[Work request]
Before writing anything, find the line that contains "بزرگراه شهید کریمی", then retype the entries below exactly from their first line through that one, without pictures.

--------------------------------

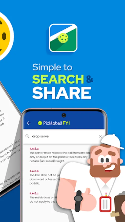 Pickleball FYI is your pocket guide to everything pickleball. Including organized and searchable rules, frequently asked questions, etiquette, and even drills! Now with automatic yearly pickleball rule updates!
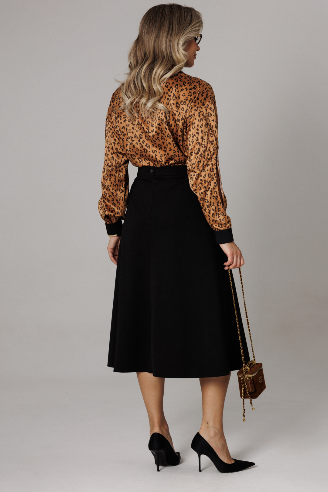 Оригинальный комплект женский 2-х пердментый (блузка, юбка) от бренда Anastasia, идеальный для любого случая. Этот комплект сочетает в себе элегантность и комфорт, что делает его подходящим как для повседновной носки, так и для праздничных мероприятий. Блузка из атласной ткани прямого силуэта со спущенным плечом. По бокам закругленные разрезы. Рукав с запахом и разрезом, на манжете. Застежка – планка на петли и пуговицы. Воротник на отрезной стойке. Стойка и манжета из отделочной ткани. По спинке идет отрезная кокетка. Такой женский офисный стиль можно носить, сочетая с другими вещами гардероба, создавая новые образы. Ткань атласная качественная и очень комфортная. Юбка А-силуэта, длинна миди. По передней части идет застежка-обманка с пуговицами. По бокам карманы. По спинке средний шов, переходящий в застежку молнию. Пояс отрезной . Длина по спинке: (48-52)-70 см, (54-58)-72 см. Длина рукава с манжетой: (48-52)-55 см, (54-58)-57 см. Длина юбки: (48-58)-80 см
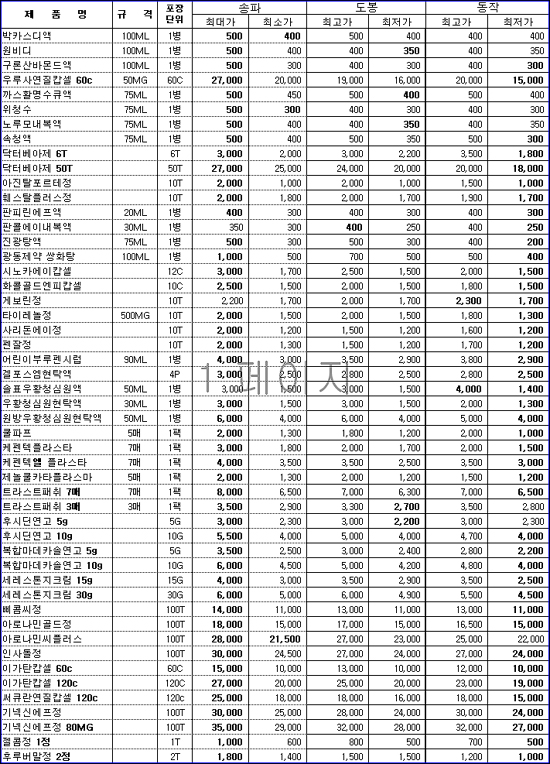 이와 함께 조선무약 ‘솔표우황청심원액’(50ml) 1,400원~4,000원, 광동 ‘우황청심원현탁액’(30ml) 1,300원~3,000원 등 우황청심원도 최저가와 최고가간 가격 차가 두 배가 넘었다.
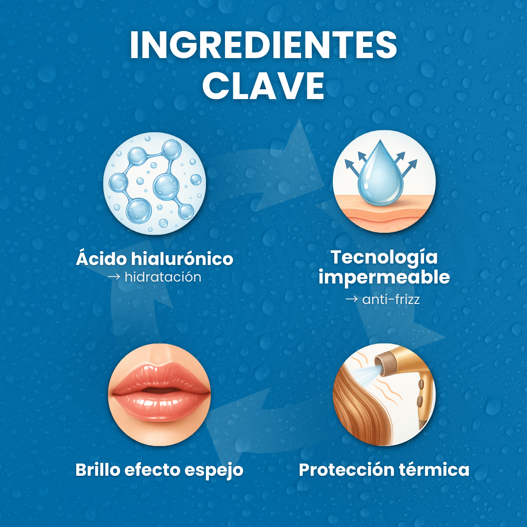 El ácido hialurónico hidrata profundamente cada fibra capilar, mientras que la tecnología impermeable crea una barrera invisible que repele la humedad externa hasta por 3 lavados. El complejo de brillo efecto espejo alisa las cutículas para reflejar la luz naturalmente, y la protección térmica avanzada resiste hasta 220°C permitiéndote usar herramientas de calor sin daño.
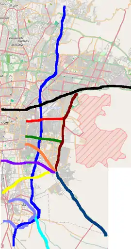 بزرگراه شهید کریمی (نیمدایره بالایی) و بزرگراه شهید آوینی (نیمدایره پایینی)
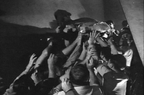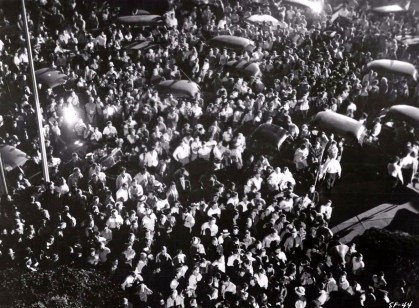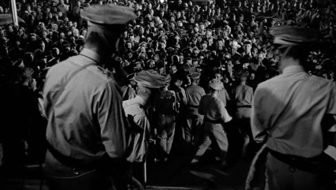 Shooting in Phoenix, for the mob sequence Endfield and 2nd-unit man Ivan Volkman didn’t rehearse instead but let the 500 extras work themselves up ad hoc. This included a slew of boozed up barflies and local college students (that was also true of the San Jose travesty), with cameraman Guy Roe and editor George Amy taking the prime cuts of the ruckus.
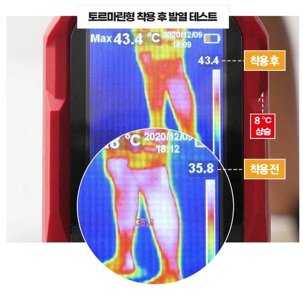 제품 착용 후 약 20분이 지나면 온열감이 느껴집니다. 통증 완화 느낌이 들죠. 발열 테스트 결과에 따르면 착용 전 35.8℃였던 무릎 주변의 온도가 착용 후 43.4℃까지 상승했습니다. 한국원적외선응용편가연구원으로부터 원적외선, 음이온 시험 성적을 인증받았습니다.
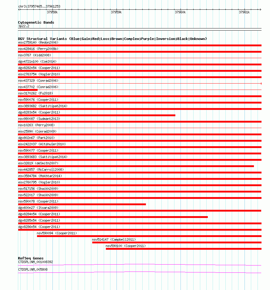 | | Variant Type | CNV loss | | Copy Number | | | Allele State | | | Allele Origin | | | Probe Count | | | Validation Flag | | | Merged Status | M | | Merged Variants | | | Supporting Variants | nssv654361, nssv690647, nssv660492, nssv692675, nssv688865, nssv686919, nssv673225, nssv655454, nssv678461, nssv693996, nssv670075, nssv687246, nssv693608, nssv664531, nssv668775, nssv654245, nssv693641, nssv656733, nssv684625, nssv657669, nssv668957, nssv659370, nssv657776, nssv673282, nssv659133, nssv661154, nssv677067, nssv659249, nssv683264, nssv669068, nssv682963, nssv660252, nssv669904, nssv686361, nssv654848, nssv690999, nssv670694, nssv668704, nssv675858, nssv692430, nssv659597, nssv688581, nssv652252, nssv672534, nssv653889, nssv691356, nssv686684, nssv667882, nssv676158, nssv652777, nssv675472, nssv675508, nssv664633, nssv663968, nssv658788, nssv690512, nssv669852, nssv681288, nssv657552, nssv667730, nssv689184, nssv680800, nssv663604, nssv672379, nssv692407, nssv660401, nssv676555, nssv672160 | | Samples | | | Known Genes | CTDSPL | | Method | SNP array | | Analysis | Sample-level CNVs | | Platform | GPL6434 | | Comments | | | Reference | Shaikh_et_al_2009 | | Pubmed ID | 19592680 | | Accession Number(s) | nsv517156

--------------------------------

[Output of the exercise]
 Pickleball FYI is your pocket guide to everything pickleball. Including organized and searchable rules, frequently asked questions, etiquette, and even drills! Now with automatic yearly pickleball rule updates!
 Оригинальный комплект женский 2-х пердментый (блузка, юбка) от бренда Anastasia, идеальный для любого случая. Этот комплект сочетает в себе элегантность и комфорт, что делает его подходящим как для повседновной носки, так и для праздничных мероприятий. Блузка из атласной ткани прямого силуэта со спущенным плечом. По бокам закругленные разрезы. Рукав с запахом и разрезом, на манжете. Застежка – планка на петли и пуговицы. Воротник на отрезной стойке. Стойка и манжета из отделочной ткани. По спинке идет отрезная кокетка. Такой женский офисный стиль можно носить, сочетая с другими вещами гардероба, создавая новые образы. Ткань атласная качественная и очень комфортная. Юбка А-силуэта, длинна миди. По передней части идет застежка-обманка с пуговицами. По бокам карманы. По спинке средний шов, переходящий в застежку молнию. Пояс отрезной . Длина по спинке: (48-52)-70 см, (54-58)-72 см. Длина рукава с манжетой: (48-52)-55 см, (54-58)-57 см. Длина юбки: (48-58)-80 см
 이와 함께 조선무약 ‘솔표우황청심원액’(50ml) 1,400원~4,000원, 광동 ‘우황청심원현탁액’(30ml) 1,300원~3,000원 등 우황청심원도 최저가와 최고가간 가격 차가 두 배가 넘었다.
 El ácido hialurónico hidrata profundamente cada fibra capilar, mientras que la tecnología impermeable crea una barrera invisible que repele la humedad externa hasta por 3 lavados. El complejo de brillo efecto espejo alisa las cutículas para reflejar la luz naturalmente, y la protección térmica avanzada resiste hasta 220°C permitiéndote usar herramientas de calor sin daño.
 بزرگراه شهید کریمی (نیمدایره بالایی) و بزرگراه شهید آوینی (نیمدایره پایینی)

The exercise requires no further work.